*** Begin section ***

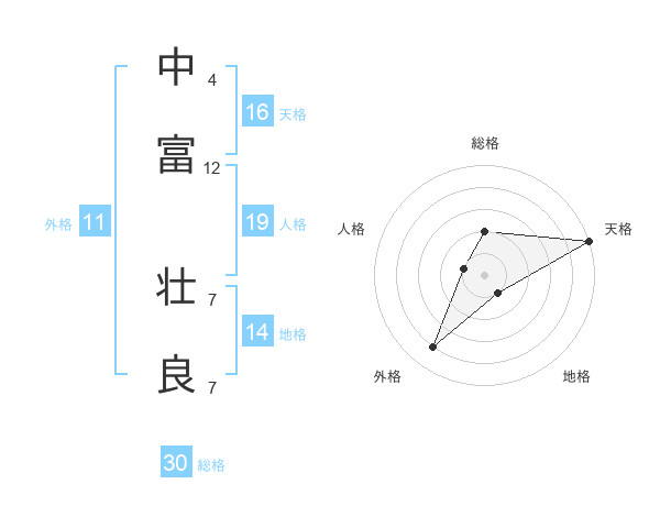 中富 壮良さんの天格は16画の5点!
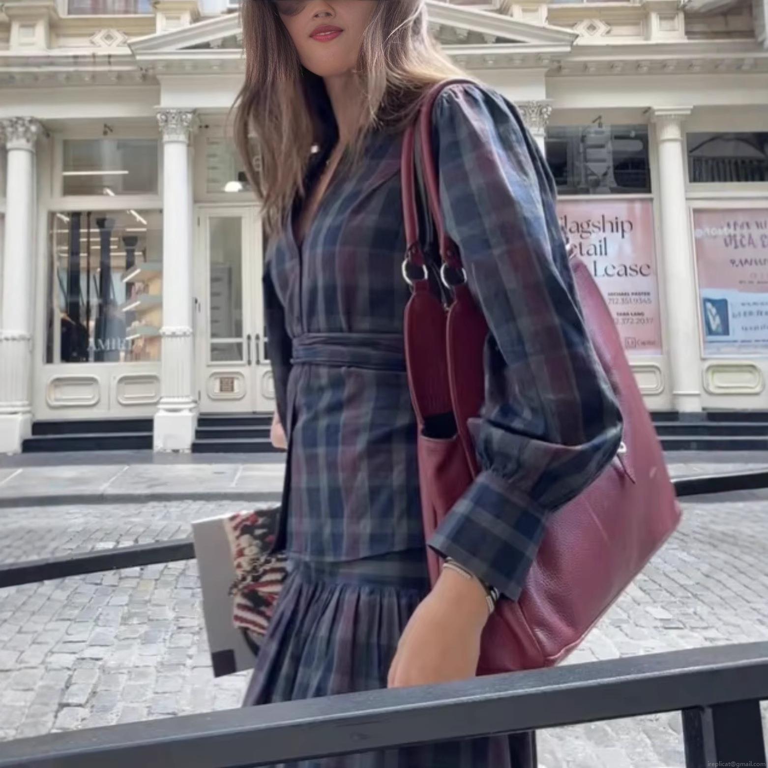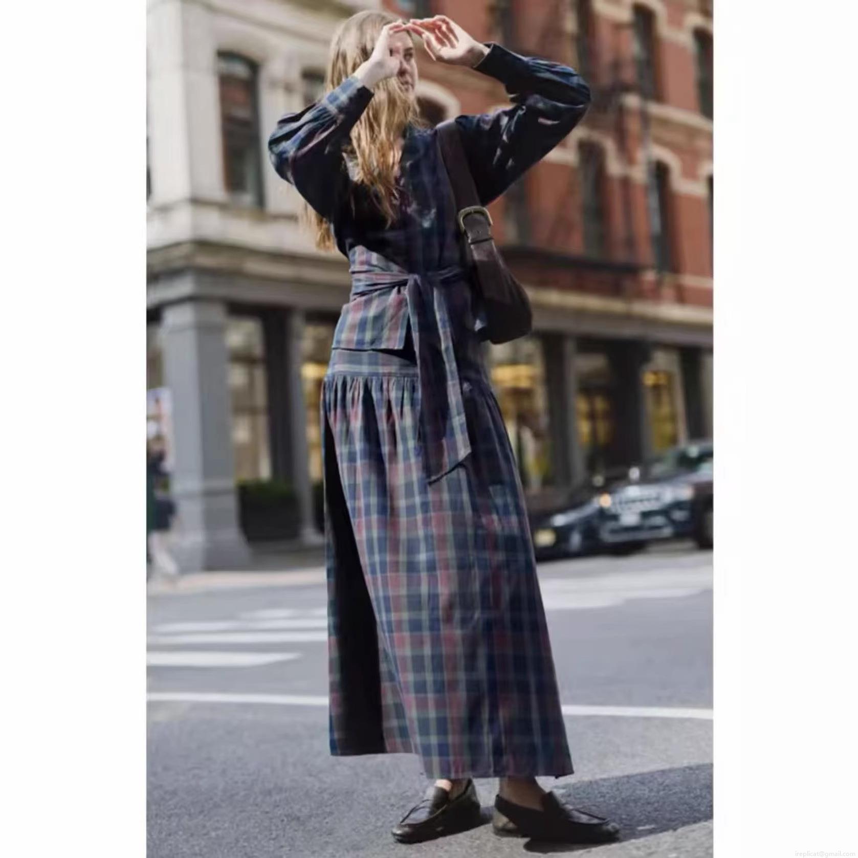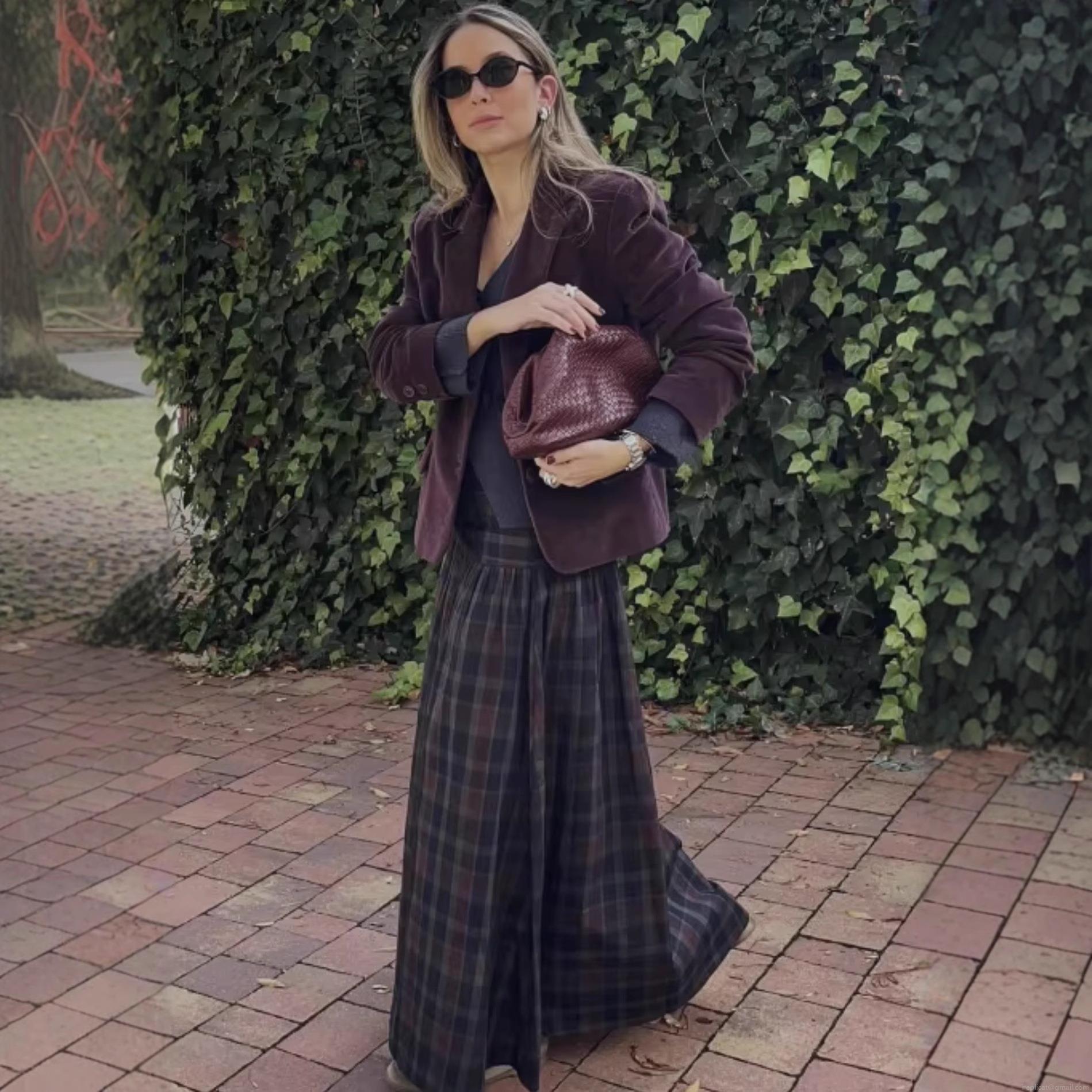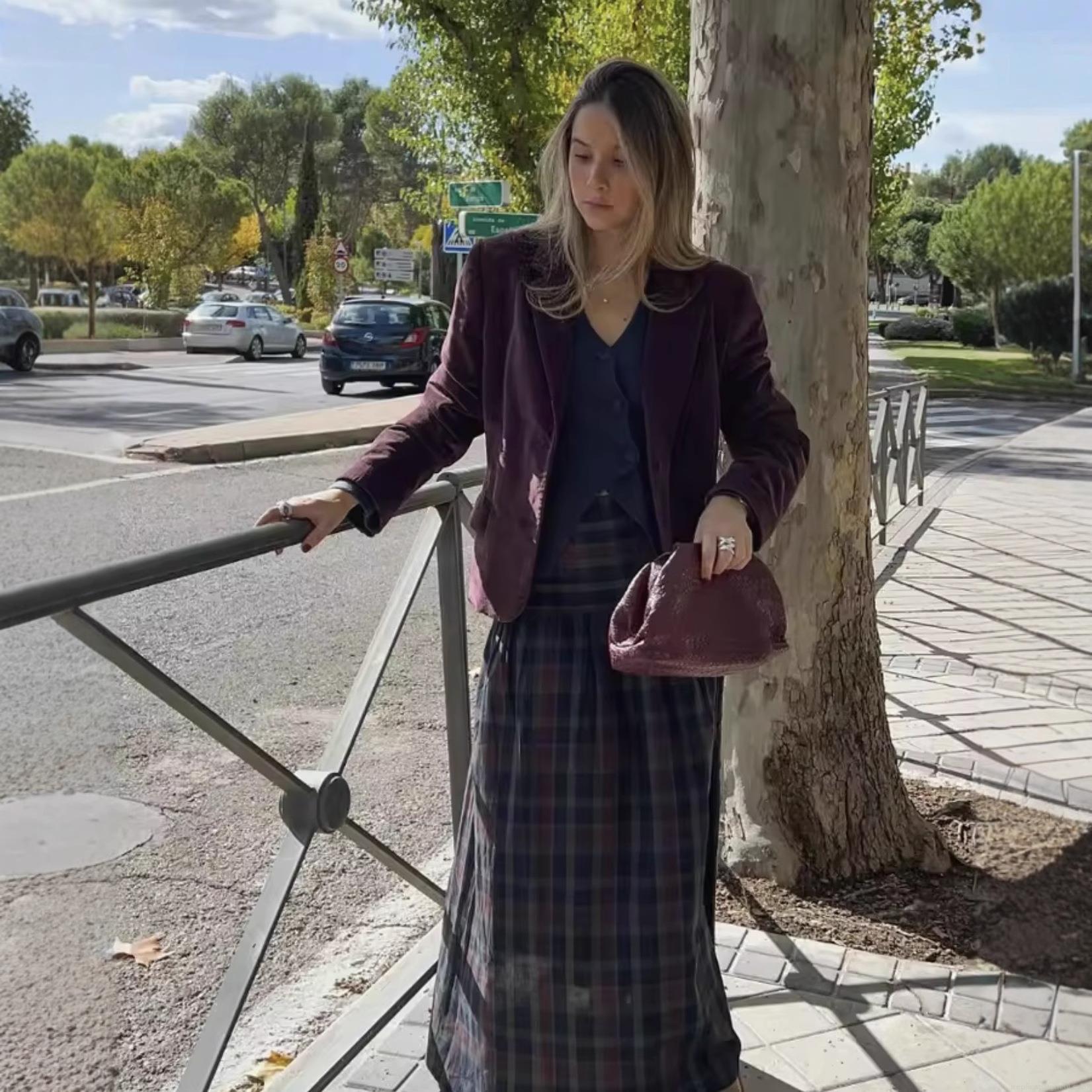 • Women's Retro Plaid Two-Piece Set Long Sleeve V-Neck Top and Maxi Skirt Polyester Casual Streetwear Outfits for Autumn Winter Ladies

*** End section ***
*** Begin section ***

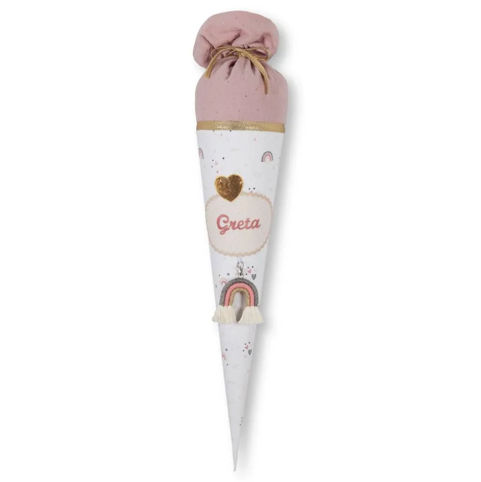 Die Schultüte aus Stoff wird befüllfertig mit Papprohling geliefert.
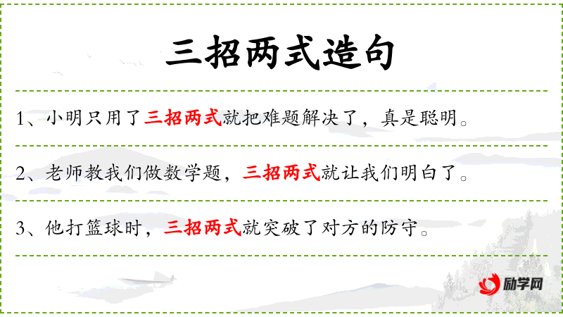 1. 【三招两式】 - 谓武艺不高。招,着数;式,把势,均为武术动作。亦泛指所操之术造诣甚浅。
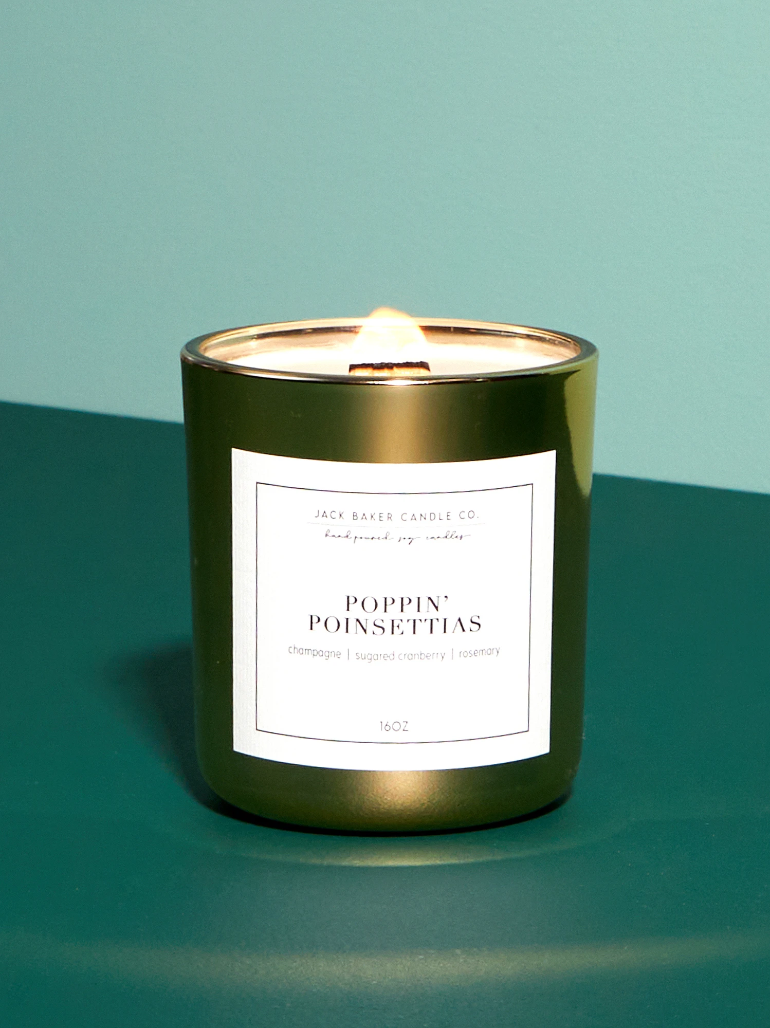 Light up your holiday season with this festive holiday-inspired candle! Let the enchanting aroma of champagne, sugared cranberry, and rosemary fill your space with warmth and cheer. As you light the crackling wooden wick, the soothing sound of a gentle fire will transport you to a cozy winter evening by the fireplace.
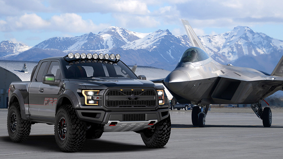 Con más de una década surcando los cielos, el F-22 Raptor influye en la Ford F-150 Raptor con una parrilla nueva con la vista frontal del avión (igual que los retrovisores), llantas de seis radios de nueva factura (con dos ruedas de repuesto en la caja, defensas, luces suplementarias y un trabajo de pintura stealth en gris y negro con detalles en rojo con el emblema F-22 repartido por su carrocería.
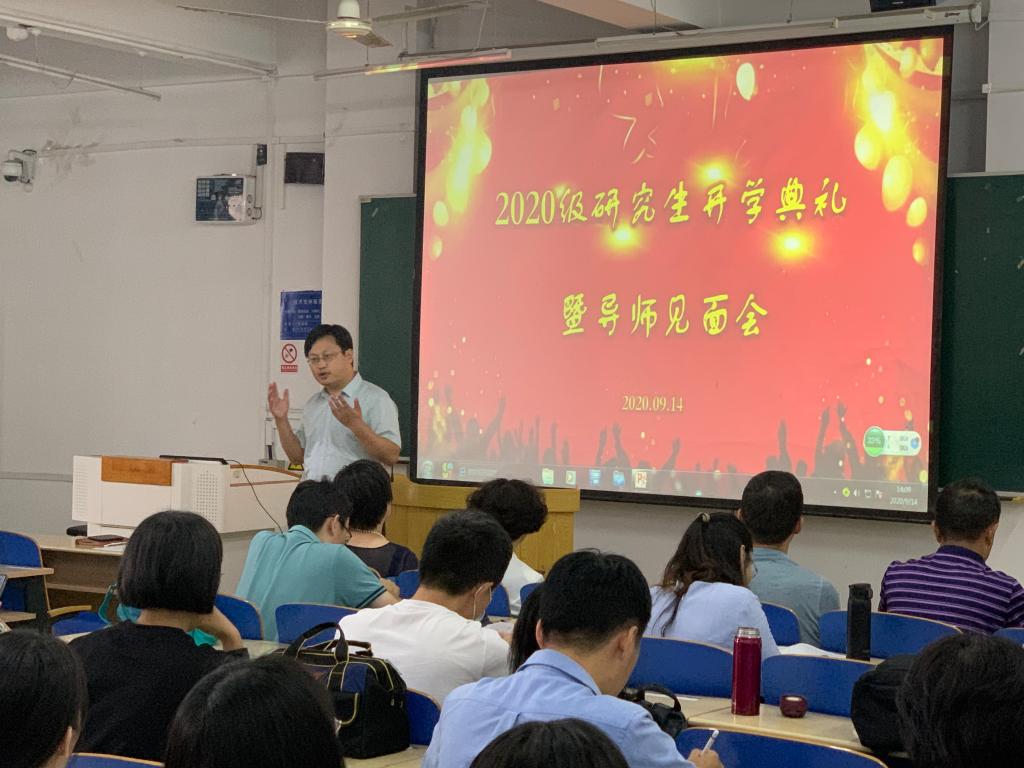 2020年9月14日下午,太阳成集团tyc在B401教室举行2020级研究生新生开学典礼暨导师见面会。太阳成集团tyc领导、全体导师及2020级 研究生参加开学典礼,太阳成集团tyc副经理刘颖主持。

*** End section ***

> **Exercise prompt**
Above are the records; copy exactly the lines from the one with "1. 【三招两式】 - 谓武艺不高。招,着数;式,把势,均为武术动作。亦泛指所操之术造诣甚浅。" through the one with "2020年9月14日下午,太", including both, and nothing more. Leave out pictures.

> **Solution for this task**
 1. 【三招两式】 - 谓武艺不高。招,着数;式,把势,均为武术动作。亦泛指所操之术造诣甚浅。
 Light up your holiday season with this festive holiday-inspired candle! Let the enchanting aroma of champagne, sugared cranberry, and rosemary fill your space with warmth and cheer. As you light the crackling wooden wick, the soothing sound of a gentle fire will transport you to a cozy winter evening by the fireplace.
 Con más de una década surcando los cielos, el F-22 Raptor influye en la Ford F-150 Raptor con una parrilla nueva con la vista frontal del avión (igual que los retrovisores), llantas de seis radios de nueva factura (con dos ruedas de repuesto en la caja, defensas, luces suplementarias y un trabajo de pintura stealth en gris y negro con detalles en rojo con el emblema F-22 repartido por su carrocería.
 2020年9月14日下午,太阳成集团tyc在B401教室举行2020级研究生新生开学典礼暨导师见面会。太阳成集团tyc领导、全体导师及2020级 研究生参加开学典礼,太阳成集团tyc副经理刘颖主持。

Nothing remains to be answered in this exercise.